Cast : George C. ScottTrish Van DevereMelvyn Douglas

About

Apa yang  terbesit di pikiran ketika mendengar kata horor, rumah berhantu, kotak musik, pindahan, hantu anak kecil, sumur, loteng, piano, yep mungkin itu semua wajar berada di sebuah film horor. Salah satunya The Changeling. The Changeling adalah film horor asal Kanada ayang bercerita tentang seorang komposer sekaligus dosen, John Russel (George C Scott) yang berusaha move on dari kematian istri dan anaknya yang tiba-tiba dan tragis. Ketika pindah ke Seattle dan menyewa sebuah rumah kuno dan langks, John Russel merasakan ada sesuatu yang ganjil di dalam dan ingin berkomunikasi dengannya. Dengan bantuan temannya, yaitu Claire (Trish Van Devere), John mengungkap rahasia tentang kematian seorang anak yang berhubungan dengan senator philanthropist setempat, Joe Charmichael (Melvyn Douglas).

“Fear-free, gore-free, jump scare-free, but is it supposed to be horror, right ?”

Film The Changeling menghadirkan scene awal dengan solid dengan bagaimana karakter John Russel masih terikat secara emosi dengan anak dan istrinya. Scene-scene awal ini memang agak lambat plotnya dan juga penonton dibawa ke lingkungan baru, misteri baru, sehingga penonton merasa ingin tahu, namun sangat clueless. Yang menarik dari karakter John Russel ini adalah karakter ini mempunyai sisi inteligen “diatas rata-rata” untuk menyelesaikan permasalahan yang berkaitan dengan kasus pembunuhan, senator, dan polisi. That’s good thing. Di lain pihak, karakter John Russel ini menjadi karakter yang bisa dikatakan “karakter paling stay cool yang mendapatkan leading role di sebuah film horor”, ketika ia berinteraksi dengan arwah / spirit, tidak ada ekspresi yang berlebihan, mungkin lagi-lagi kaitannya dengan tingkat inteligensi-nya sebagai seorang dosen. Buruknya, sifat “stay cool” ini kadang tidak membawa penonton untuk merasa ikut takut juga. Sebaliknya, lawan mainnya, Claire, lebih menunjukkan ekspresi ketakutannya terhadap berbagai interaksi.
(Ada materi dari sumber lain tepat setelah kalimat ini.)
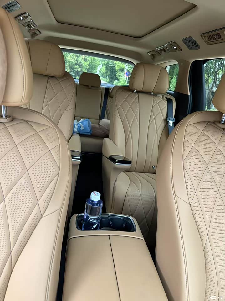 坐在车内,整车空间大,很能装,全家七口出门,后备箱塞三个行李箱再加几个背包没有问题,25款第三排滑轨加长了30cm,有次带父母去旅游,第三排的老人把座椅往后调了调,膝盖离前排还有段距离,再也不用蜷着腿了。三排的头枕还能下调,我娃坐在第三排头刚好靠在中间,不像以前总往下滑。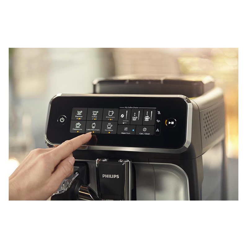 بهرهگیری از طراحی جذاب و تکنولوژیهای به روز از بارزههای اسپرسوساز فیلیپس مدل PHILIPS EP3246 هستند. از ابتداییترین فرایند تهیه یک فنجان قهوه یعنی آسیاب دانهها گرفته تا تهیه یک نوشیدنی خوش طعم همگی به کمک این دستگاه به صورت تمام اتوماتیک قابل انجام است. بهرهگیری این دستگاه از توان 1500 وات و مخزن آب 1.8 لیتری، به لطف وجود سیستم Aroma Extract با ایجاد تعادل بهینه بین دمای دمآوری و عطر قهوه با نگهداری دمای آب بین 90 و 98 درجه سانتیگراد تهیه نوشیدنی موردنظر با بالاترین کیفیت ممکن را تضمین میکند. تعبیه یک مخزن شیر 265 میلیلیتری موسوم به LatteGo به همراه میزان فشار بخار 15 بار از طریق همراه کردن شیر و هوا به وسیله سرعت بالا در این محفظه اقدام به تهیه کف شیری بسیار مطلوب و خوشطعم میکند. این امر به شما امکان تهیه انواع نوشیدنیهای مرکب از قهوه و شیر همچون کاپوچینو و لاتهماکیاتو را خواهد داد. با توجه به امکان تفکیک آسان این مخزن از دستگاه، شستشوی این قطعه تنها در 15 ثانیه قابل انجام است. پنل لمسی دستگاه شامل 6 برنامه پیش فرض برای تهیه انواع نوشیدنی قهوه است؛ تنها با فشردن یک دکمه انواع نوشیدنی و بهترین سطح کیفی را در کوتاهترین زمان ممکن تهیه خواهید کرد. جنس مخزن آسیاب دستگاه از سرامیک بادوام بوده که با حفظ عطر طبیعی قهوه حاضر است تا میزان 20000 فنجان پودر قهوه را تهیه کند. میزان آسیاب دانههای قهوه بسته به مقدار دلخواه شما در 12 درجه قابل تنظیم خواهد بود. وجود دو نازل امکان تهیه دو فنجان قهوه را مهیا میکند. نگران وجود رسوب در آب نباشید؛ تعبیه فیلتر AquaClean در مخزن آب موجب شده این قطعه نیازی به رسوب زدایی مداوم دستگاه نداشته و همواره آب را شفاف نگه میدارد بطوریکه تا حداکثر 5000 فنجان احتیاجی به فرایند رسوب زدایی نخواهد داشت. همچنین عملکرد خودکار دستگاه با قابلیت تنظیم میزان سختی آب شما را در مواقعی که دستگاه نیازمند انجام رسوب زدایی است، مطلع خواهد کرد. وجود صفحه گرم نگهدارنده فنجانها، سیستم ذخیره انرژی و نظافت آسان دستگاه به لطف قابلیت تفکیک قطعات و امکان شستشوی آنها در ماشین ظرفشویی از دیگر امکانات اسپرسوساز فیلیپس مدل PHILIPS EP3246 به شمار میآید.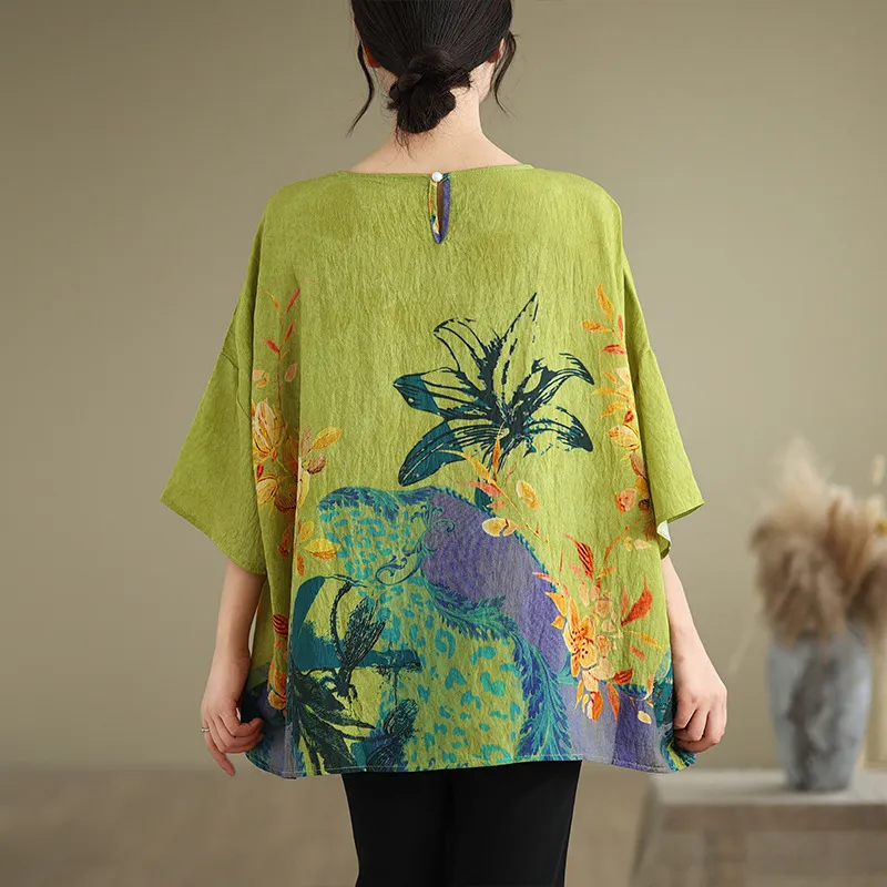 衣都精品- 新款民族風蝙蝠袖寬鬆大碼圓領上衣

Film haunted house yang melibatkan sebuah rumah besar bergaya Victorian ini sebenarnya mempunyai beberapa moment eksplorasi rumah yang chilling disertai dengan scoring yang mumpuni namun tidak remarkable. Jika disebut sebagai cerita haunted house, film ini merupakan salah satu film horor yang paling solutif dan tidak memberikan penonton solusi jalan buntu. Namun dengan seiring berjalannya cerita, film ini banyak melakukan banyak investigasi (yang sebenarnya cukup baik di film horor). Jika dibandingkan dengan film horor The Ring yang mencoba mengungkap misteri sebuah video tape sampai mendatangi sebuah pulau, sisi investigasi The Changeling hanyalah sebatas source arsip dan berlalu terlalu real, tanpa meninggalkan sisi “seram” untuk sebuah film horor.
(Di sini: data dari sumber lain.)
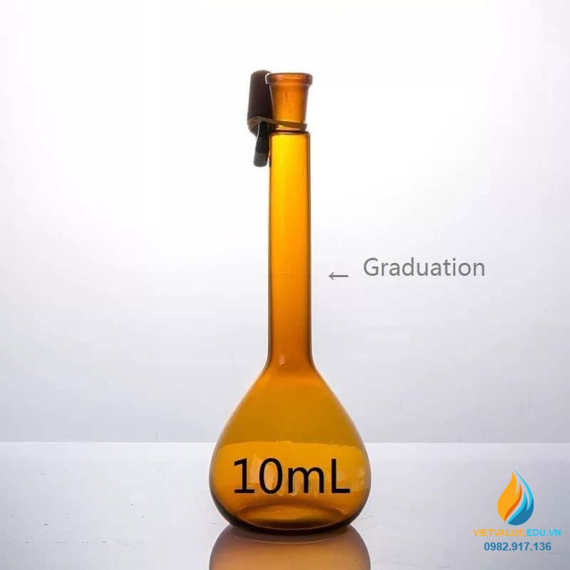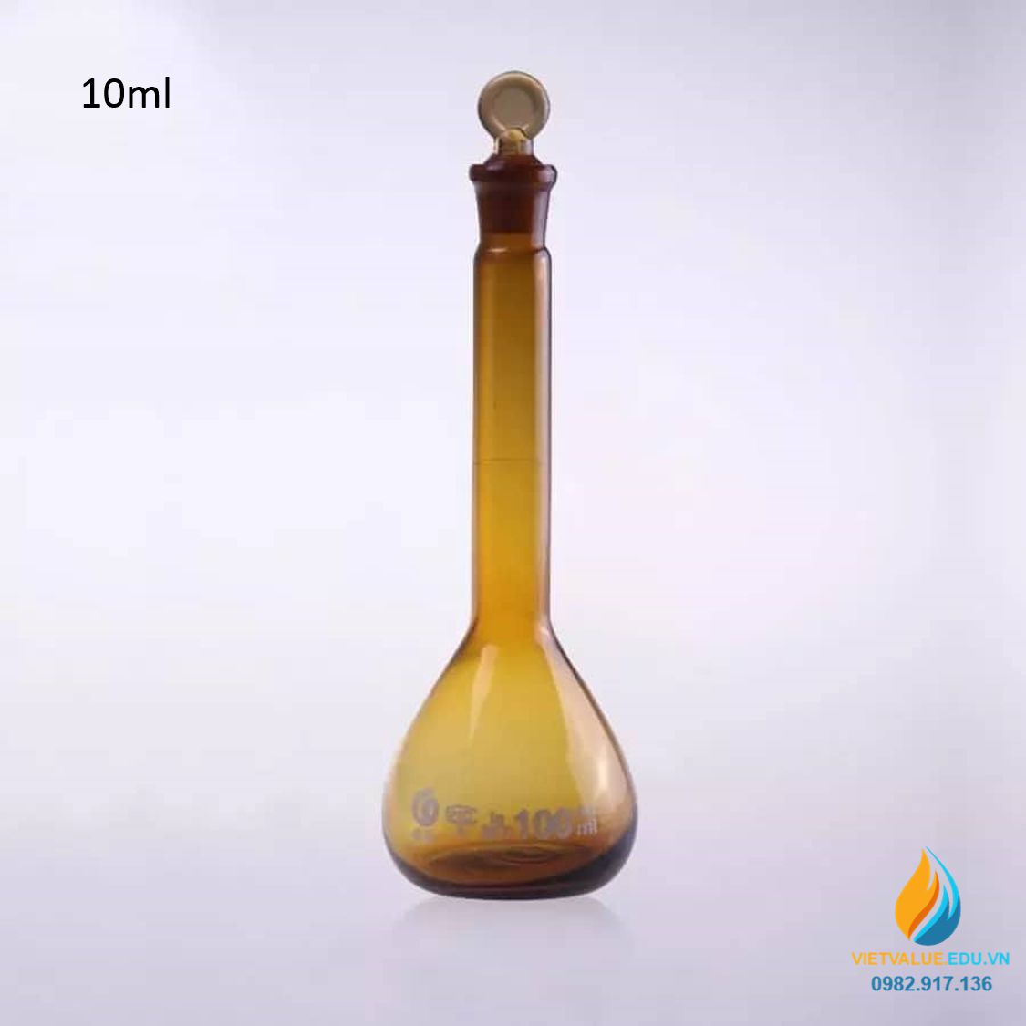 *Mô tả sản phẩm bình định mức thuỷ tinh, màu nâu hổ phách, thành dày, dung tích 10ml: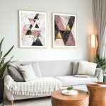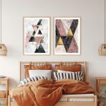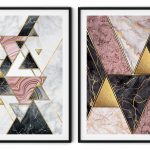 Wall Decor | Set of 2 geometrical pink marble abstract | Custom Size & Frame • Ready to Hang • Made in India • Eco-Friendly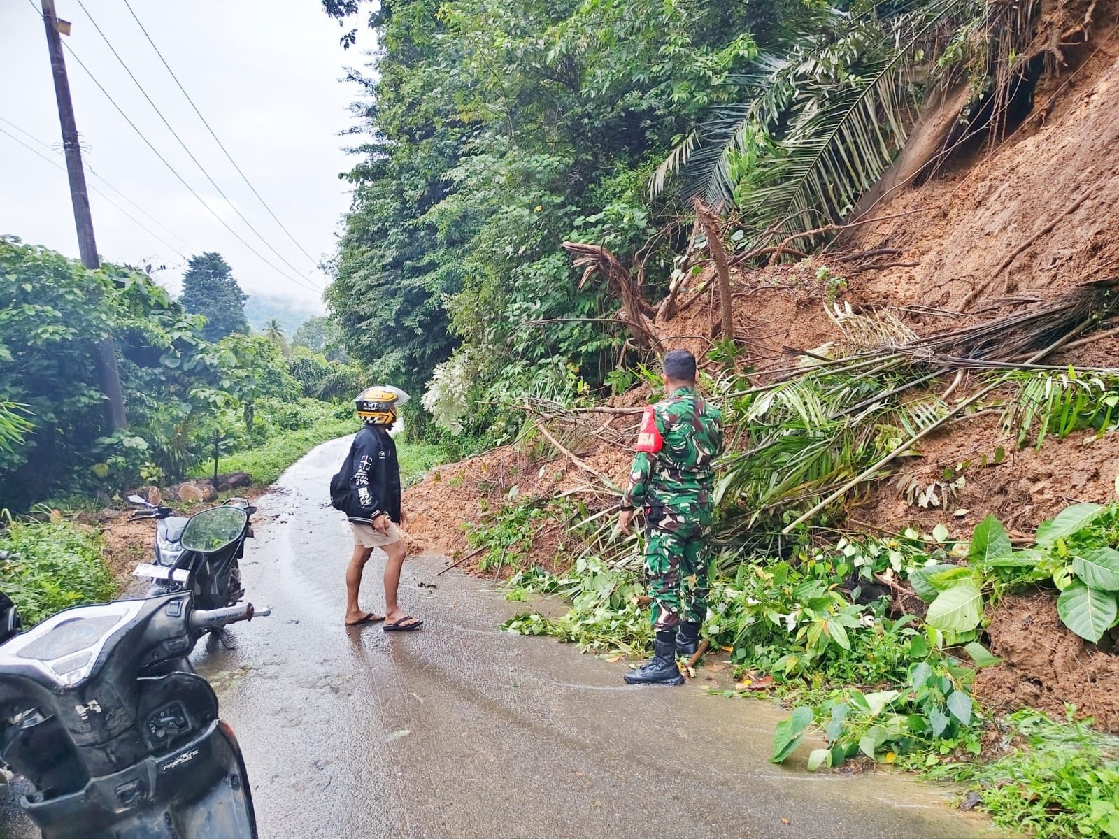 Hujan yang belum reda membuat pembersihan material longsor belum dapat terlaksana. Namun, kehadiran Babinsa di tengah warga menjadi bukti kepedulian dan kesiapsiagaan aparat TNI. Ia hadir bukan hanya memantau keadaan, tetapi juga memberi ketenangan agar masyarakat tidak panik menghadapi bencana.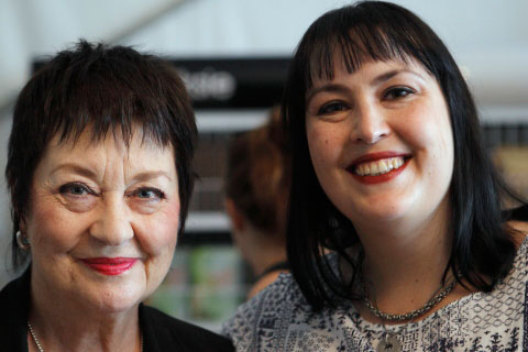 Helene de Kock, die skrywer van Debora en seuns, saam met haar dogter.
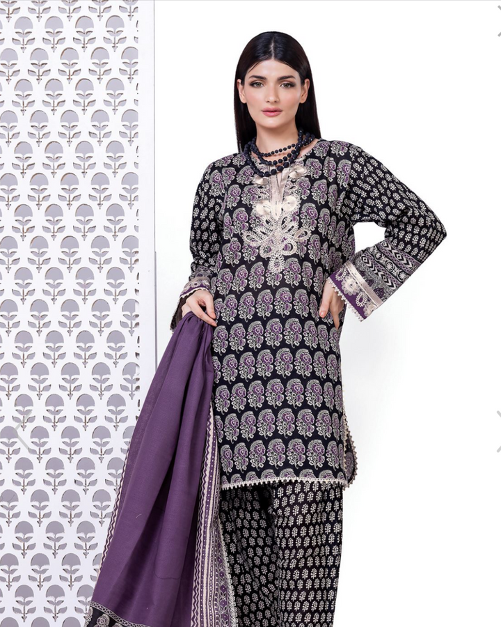 Color: Purple black Khaddar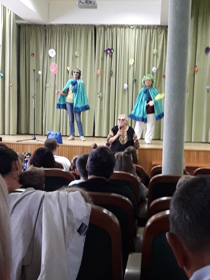 А далі була вистава-розповідь про життя комах (мухи, бджоли, метелика), а також про хробачка Омелька та жирного вгодованого котика і його господиню. Під запальну музику (зокрема, і коломийки) танцювали не лише актори, але й присутні дітлахи. Вистава була досить простенькою, але з важливим моральним підтекстом.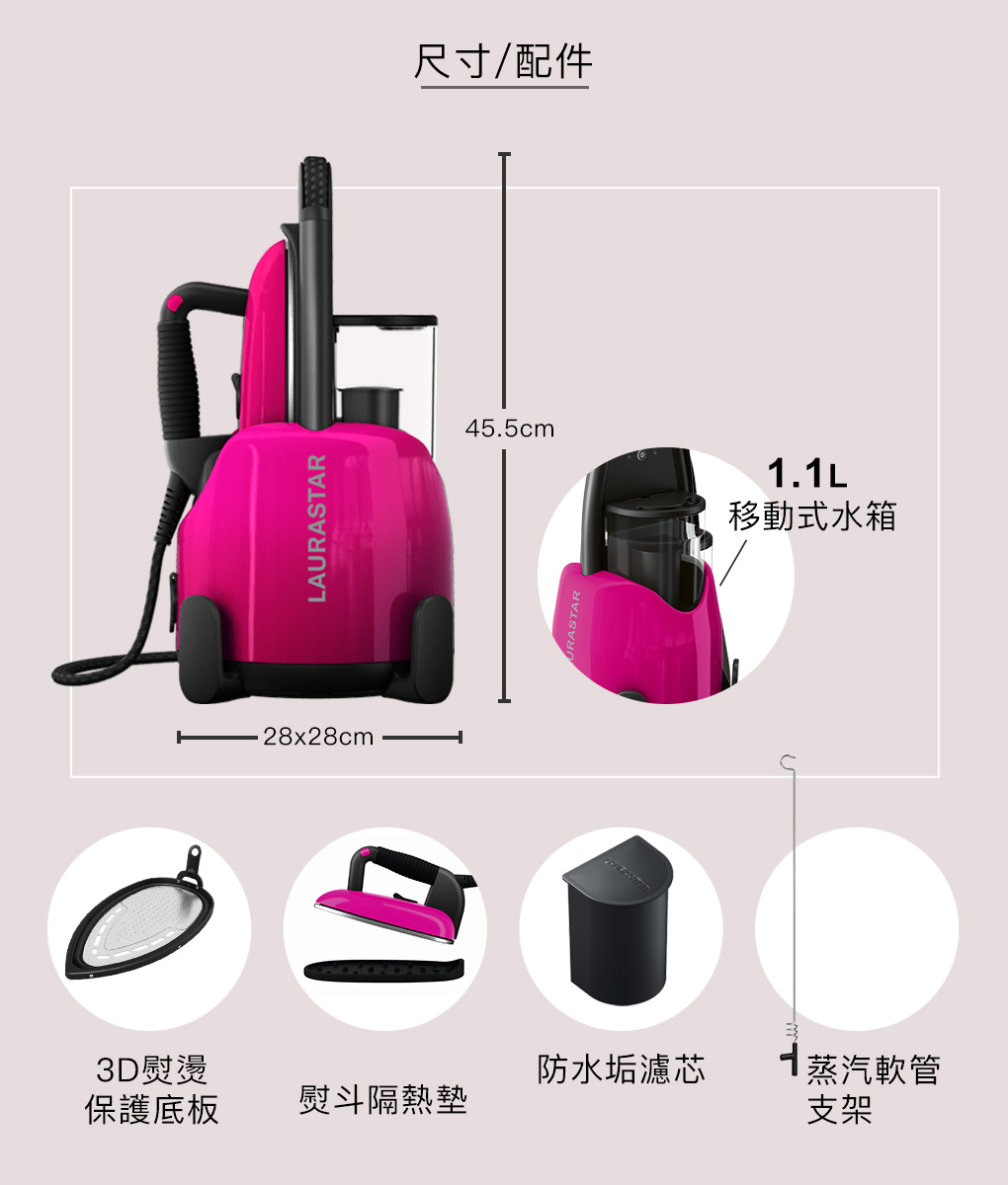 品牌:LAURASTAR 品牌國別:瑞士 品名:LAURASTAR LIFT PLUS 高壓蒸汽熨斗-桃紅色 型號:LIFT PLUS 顏色:桃紅色 國際條碼:790776015321 製造國:歐盟 保證期:二年 商品尺寸: 275 x 455 x 275 mm (W x H x D) 商品淨重(kg):5.3~5.5 kg 總功率:1450瓦 蒸氣壓力:350千帕(3.5bar) 水箱容量:~1.1L 電源:110V 60Hz 熨斗重量:~1 kg 總重量:5.3~5.5 kg 外型尺寸:275 x 455 x 275 mm (W x H x D)配件:濾水盒、防護底板、隔熱底板、蒸汽管支架👉🏻功能

Plot hole juga terdapat pada komponen utama dalam film horor, yaitu hantu. Ketika hantu ingin berkomunikasi dengan manusia, meminta bantuannya, dan dia mempunyai cukup energi untuk menutup pintu, memainkan piano, mengambil bola, bahkan menjalankan sebuah kursi roda, ketika dia tidk mengambil kertas dan menulis apa yang ia inginkan. Point-nya adalah komponen hantu di film ini mengalami kebingungan untuk menjalani interaksinya dengan manusia, dan terlalu banyak menimbulkan pertanyaan dari sang karakter, “What do you want from me ?”. Hantu pun tidak disertai dengan beberapa image efektif, hanyalah sekilas bayangan masa lalu , sehingga tidak ada image-image yang disturbing, namun juga dengan begitu naturalnya si hantu, hantu ini tidak efektif.

The Changeling hanyalah horor biasa yang mengandalkan scoring, kegelapan, tone tempat gelap, dan juga misteri. Sisi misteri inilah yang mungkin masih bisa membuat film ini tetap ditonton dalam durasinya yang hampir dua jam.

Trivia (with-s)

I don’t know it’s trivia or not, but when I watched this movie, I watched another movie in my mind, yep it’s The Conjuring.

Terdapat beberapa elemen yang mengingatkan film ini dengan hit horror tahun ini, yaitu The Conjuring, apa saja itu ? Ini dia.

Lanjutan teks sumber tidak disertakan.